Why people get married...
Why people can't enjoy being single.. (actually, why I cannot maybe)
Why people need children...
Suffice to me, from my point of view, but then again everyone is supposed to be diffent ha... I don't know, seems to me that everyones pretty much the same when you come down to it, so this could very well be a universal truth with a percentae of DENIAL involved. Or the other way around. Maybe.
So she goes...when questioned by the Detective on why people get married...

"We need a witness to our lives. There's a billion people on the planet... I mean, what does any one life really mean? But in a marriage, you're promising to care about everything. The good things, the bad things, the terrible things, the mundane things... all of it, all of the time, every day. You're saying 'Your life will not go unnoticed because I will notice it. Your life will not go un-witnessed because I will be your witness'."
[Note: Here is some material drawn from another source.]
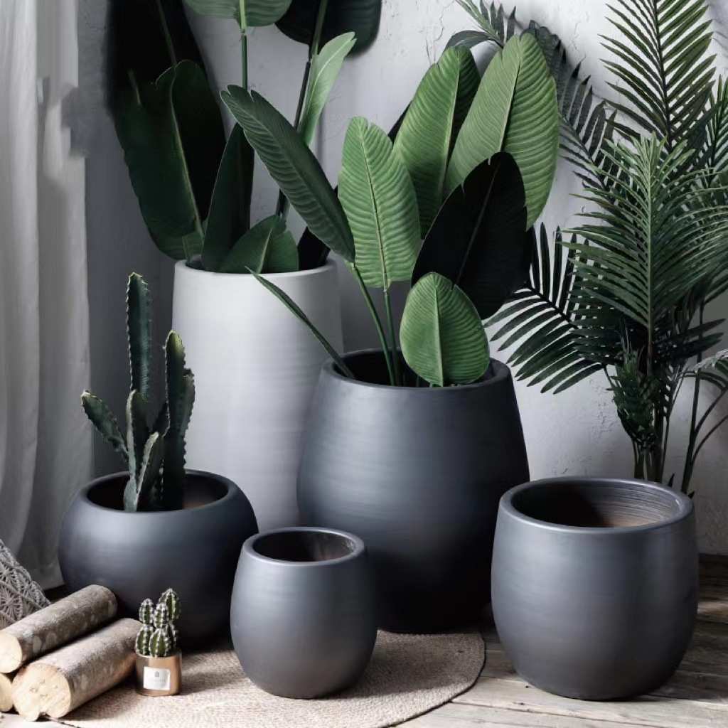 北欧花盆现代简约花瓶黑白色陶瓷绿植水培陶罐大口径室内植物摆件

Pretty. It is entirely too possible I've blogged about this before, but hey I can slip up now and then (or even all the time, who's to complain huh???) Anyways... I liked this bit and suddenly for some reason watching the movie just now gave me this little sense of comfort during what I would call a really confusing, upsetting and scary period in my life...

What upsets me is still a reality in my life... And I don't know if I'm ever gonna be over the whole scenario but hey, I'ma be okay... I think. I know I seem a lot more okay than I am to the people around me. Hell, I deserve a fuckin oscar.

You don't have to bleed to hurt ha, that's all I gotta say now.